Un tribunal criminel pour alléger les cours d’assises
Le gouvernement veut instaurer un tribunal criminel départemental chargé de juger notamment les viols, souvent correctionnalisés
Une petite révolution, préparée en toute discrétion. En mars, la ministre de la Justice, Nicole Belloubet, a créé la surprise en évoquant pour la première fois l’expérimentation d’un tout nouveau tribunal. Instaurée par l’article 42 de la réforme de la justice (présentée ce vendredi en Conseil des ministres), cette juridiction inédite, baptisée « tribunal criminel départemental » (TCD), pourrait juger les crimes punis de quinze et vingt ans de réclusion criminelle. En France, seule la cour d’assises est aujourd’hui habilitée à juger les viols, les meurtres ou les vols à main armée. Or l’audience repose sur «l’oralité» des débats et nécessite un temps long pour entendre les témoins, les victimes, les experts et l’accusé(e). Pour justifier la mesure, le gouvernement évoque de fait « l’engorgement actuel des cours d’assises » et les «retards d’audiencement» pour lesquels la France a déjà été condamnée par la Cour européenne des droits de l’homme (CEDH).
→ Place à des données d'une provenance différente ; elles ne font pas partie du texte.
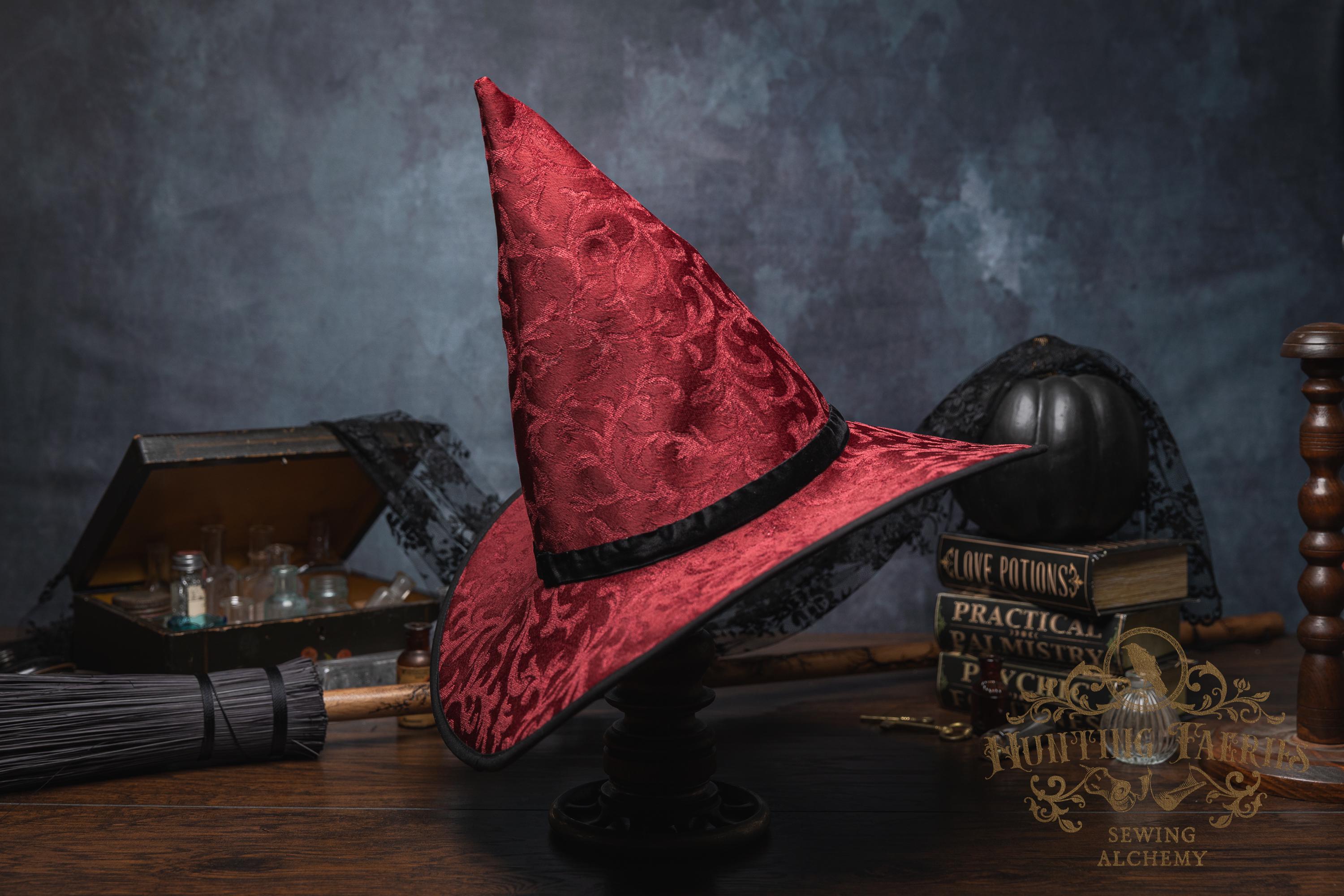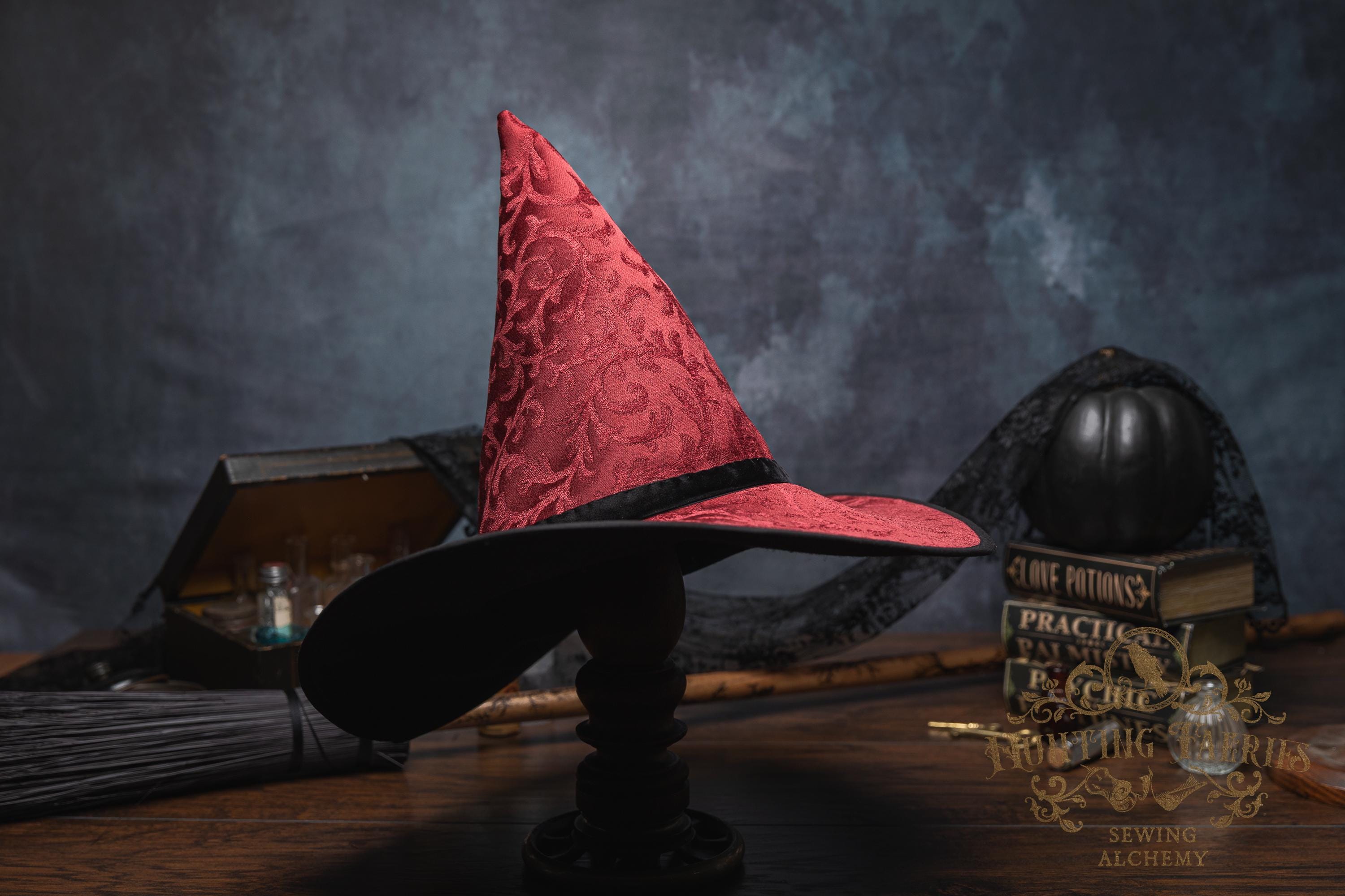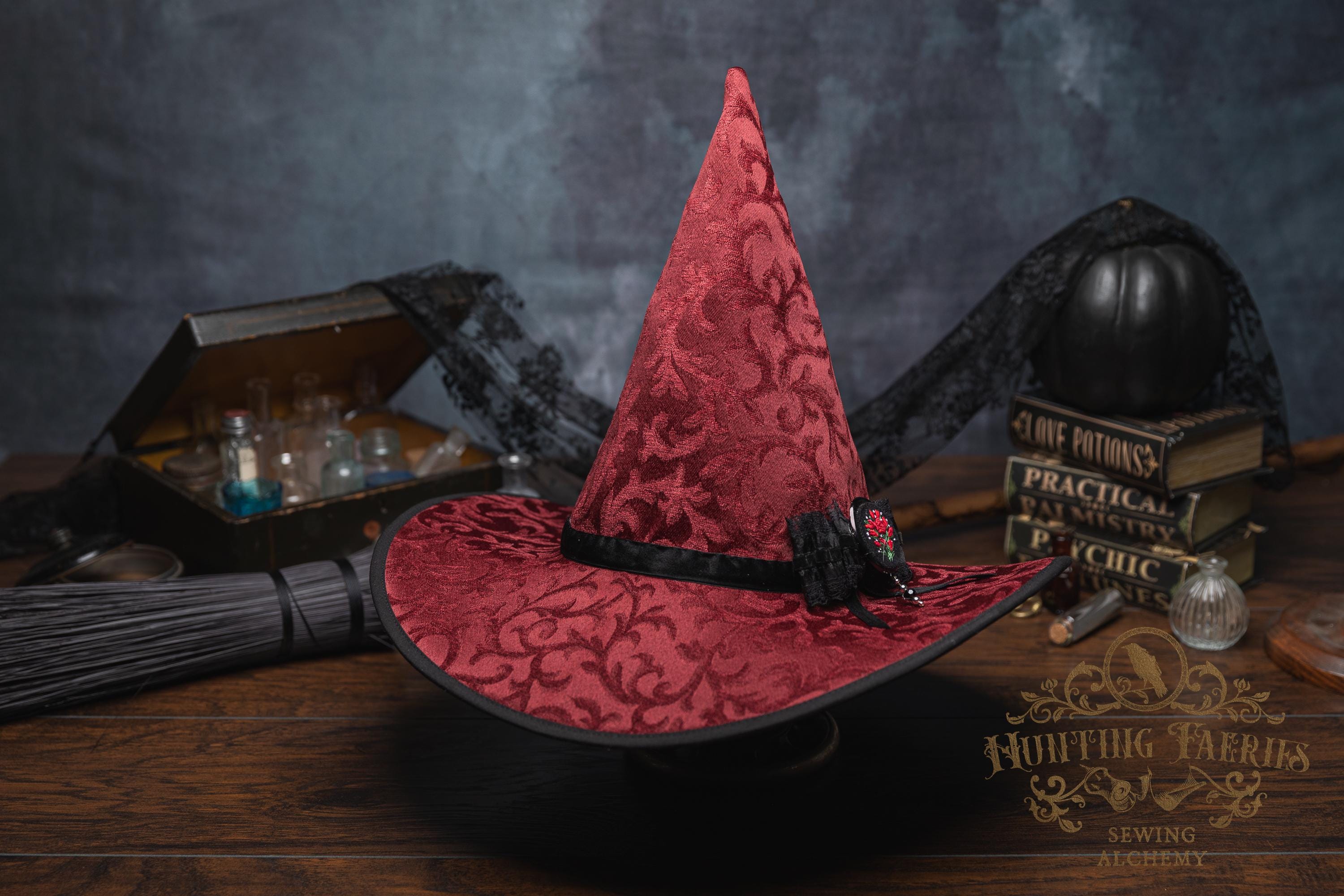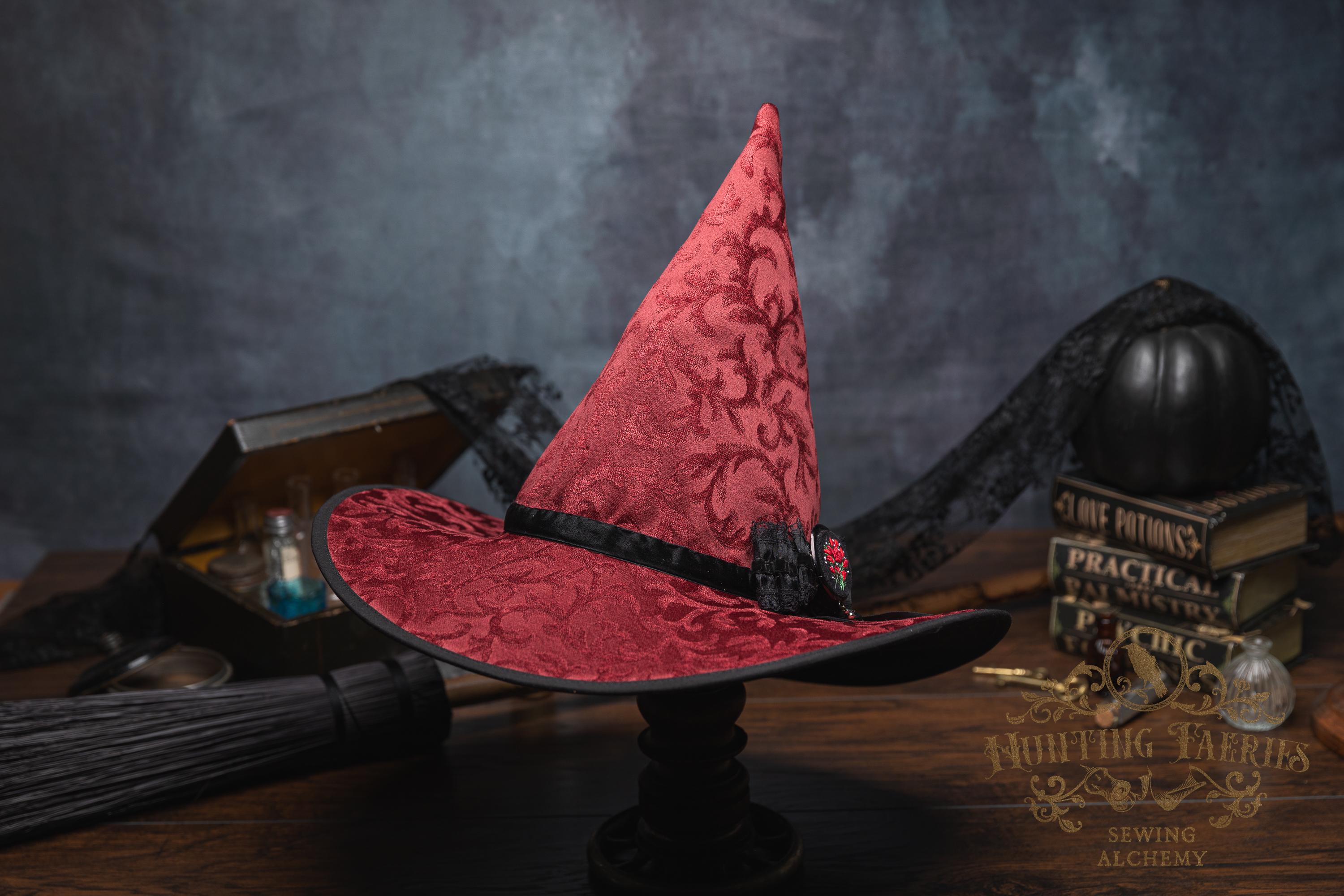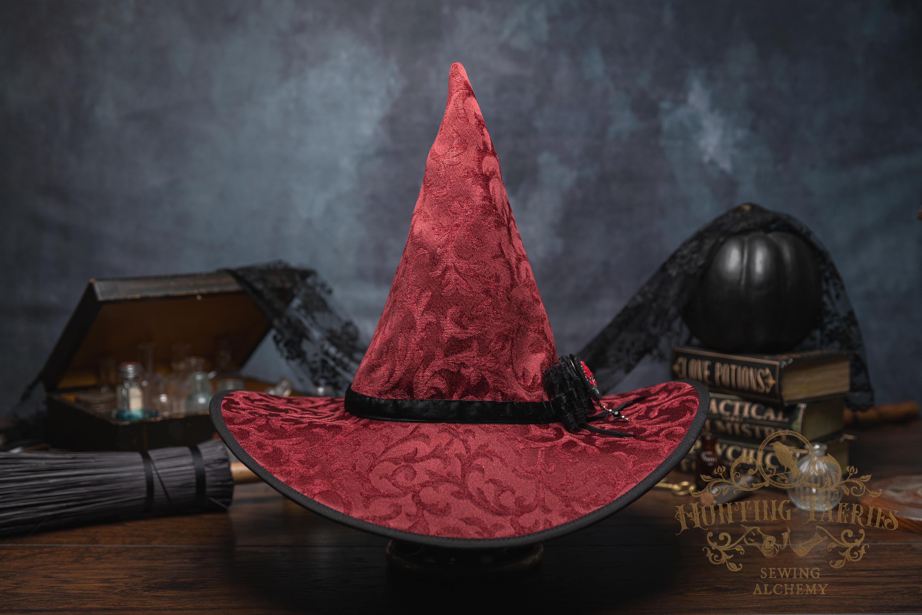 This witch hat is made from a floral scrolled burgundy fabric with a blak velvet band encircling a pointy cone. The brim features three layers of magic stitched together and polished off with black bias tape. The underside and inside cone is black felt, which helps the hat maintain its shape, and it absorbs that extra moonlight as you fly through those October skies. The side of the hat is adorned with a black bow and a hand-embroidered pin. It is removable, allowing you to decorate it yourself or change it up to suit your full witch ensemble.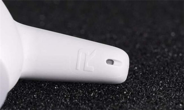 耳机侧面可以看到耳机根据人体工程学进行的造型设计,有助于佩戴更加贴合。耳机柄底部设计了耳机的主麦克风开孔,用于耳机的通话/语音拾音,开孔处还设有细密的金属网防止异物进入耳机内部。在主麦克风开孔上方还有L/R的标识,方便用户区分左右耳。耳机头主出音导管圆孔设计,在出音导管处设有细密的防尘网防止异物进入耳机音腔内部。出音导管旁边的圆形开孔为耳机的泄压孔,用于平衡耳机的内外气压,提高耳机的声学性能。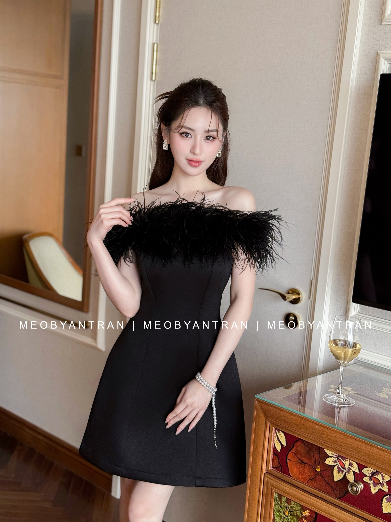 Đầm xoè lông vũ vai ngang NGẮN #3070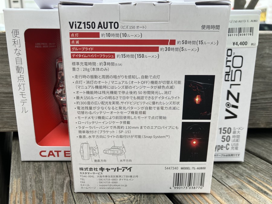 最近のCAT EYEの充電式ライトは大半がそうなのですが、こちらも例によってType-C対応です。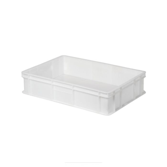 Robusta e pratica cassa in PEHD (Polietilene ad alta densità) di colore bianco neutro, sovrapponibile ed impilabile, con fondo e pareti piene.

« Hiérarchisation » des crimes
Pour Jean-Pierre Escarfail, père de l’une des victimes de Guy Georges et fondateur de l’Association pour la protection contre les agressions et crimes sexuels (Apacs), ce type de tribunal permettrait de lutter contre la « correctionnalisation » des viols. « Il y a un déni de justice dramatique, le viol est considéré comme un crime dans le Code pénal, mais, sur le terrain, on le juge majoritairement comme un délit», souffle-t-il. Aux classements sans suite, souvent décidés faute «d’infraction suffisamment caractérisée», s’ajoute la requalification des faits en agression sexuelle. «Un des viols de Guy Georges avait été correctionnalisé. Il n’avait été condamné qu’à cinq ans de prison et, quand il est sorti, il a recommencé», se souvient Jean-Pierre Escarfail. Fustigeant l’absence de « concertation» sur le sujet, le Conseil national des barreaux (CNB) est farouchement opposé à la mesure qui, notamment, risquerait d’instaurer une « hiérarchisation» des crimes. Les faits les plus graves impliquant des actes de barbarie, de torture ou des cas en récidive, resteront jugés aux assises. Mais les viols, vols à main armée et coups et blessures pourront, eux, se retrouver face aux magistrats professionnels des TCD. Or, souligne Pauline Rongier, pénaliste au barreau de Paris, «on voit parfois en correctionnelle des faits de viols sur de jeunes victimes audiencés en une heure trente. Et rien ne nous garantit que le tribunal criminel n’évoluera pas de cette façon.»